2025 05 29

AWS – Amazon EMR enables enhanced Apache Spark capabilities for Lake Formation tables with full table access

Amazon EMR now supports read and write operations from Apache Spark jobs on AWS Lake Formation registered tables when the job role has full table access. This capability enables Data Manipulation Language (DML) operations including CREATE, ALTER, DELETE, UPDATE, and MERGE INTO statements on Apache Hive and Iceberg tables from within the same Apache Spark application.

While Lake Formation’s fine-grained access control (FGAC) offers granular security controls at row, column, and cell levels, many ETL workloads simply need full table access. This new feature enables Apache Spark to directly read and write data when full table access is granted, removing FGAC limitations that previously restricted certain ETL operations.

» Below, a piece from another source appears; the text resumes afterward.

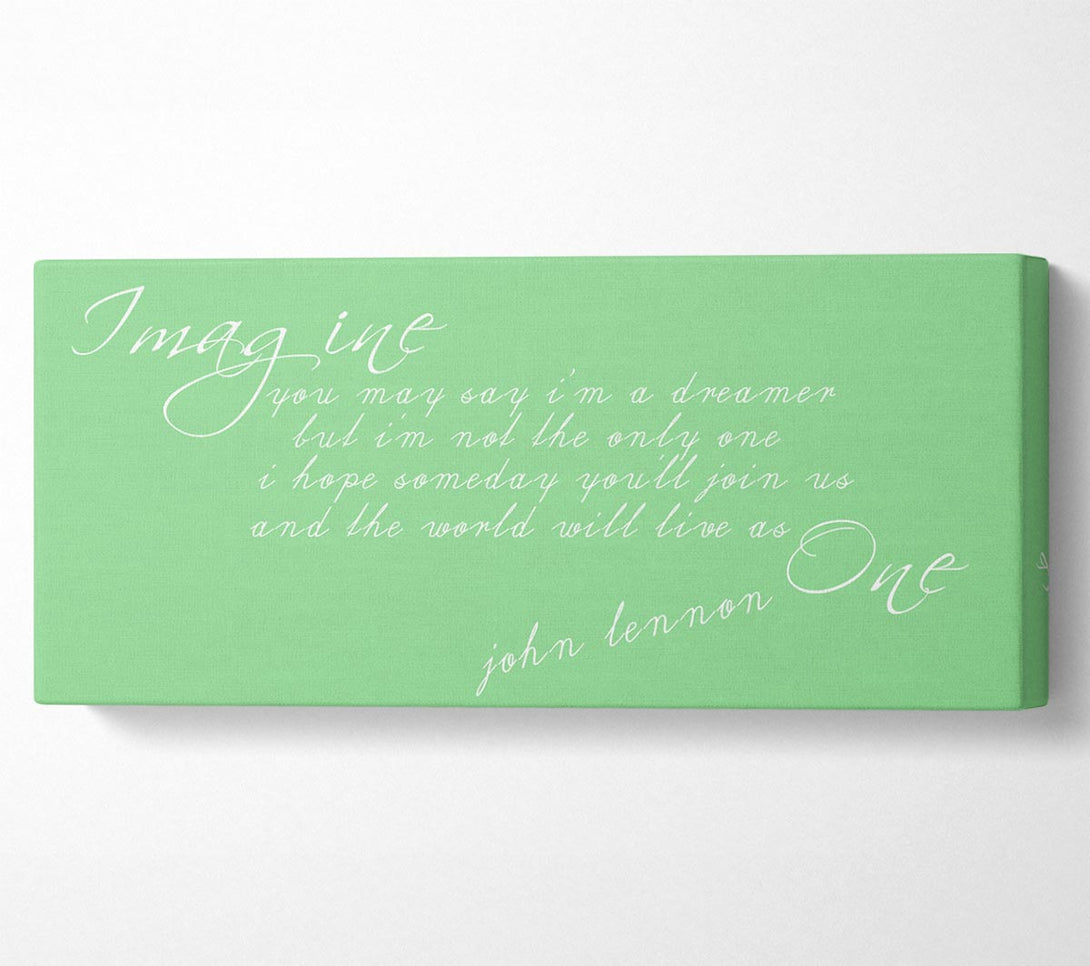 Musikzitat „Imagine“ von John Lennon auf grüner Leinwand, gedruckt auf beschichteter Polyester-Leinwand. Auf einem 44 mm großen Kastenrahmen montiert, fertig zum Aufhängen.
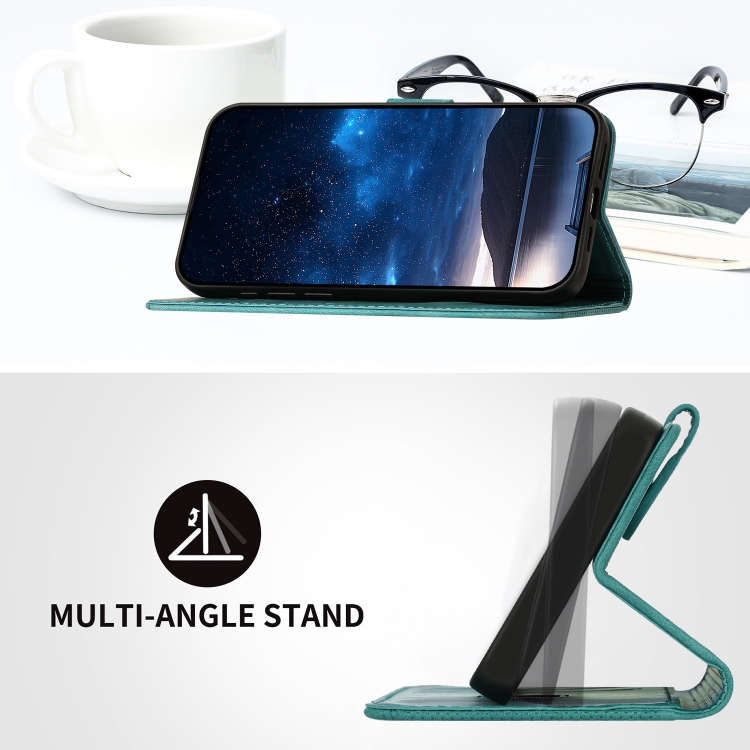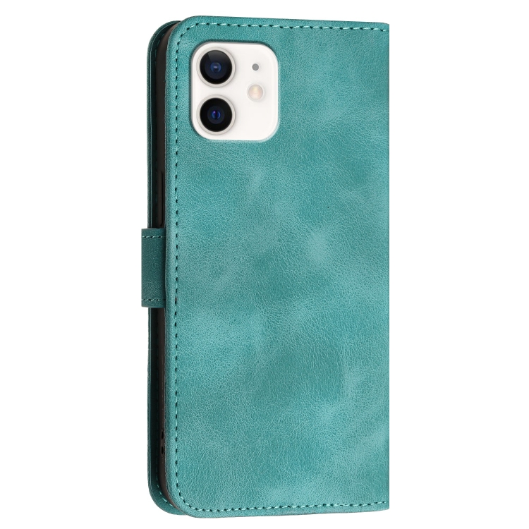 Funda de Cuero con Tapa y Cordón para iPhone 11 Yx0080 con Diseño En Relieve de Mariposa y Cuadrícula (Azul Claro)

You can now leverage advanced Spark capabilities including RDDs, custom libraries, UDFs, and custom images (AMIs for EMR on EC2, custom images for EMR-Serverless) with Lake Formation tables. Additionally, data teams can run complex, interactive Spark applications through SageMaker Unified Studio in compatibility mode while maintaining Lake Formation’s table-level security boundaries.

This feature is available in all AWS Regions where Amazon EMR and AWS Lake Formation are supported.

To learn more about this feature, visit the Lake Formation unfiltered access section in EMR Serverless documentation.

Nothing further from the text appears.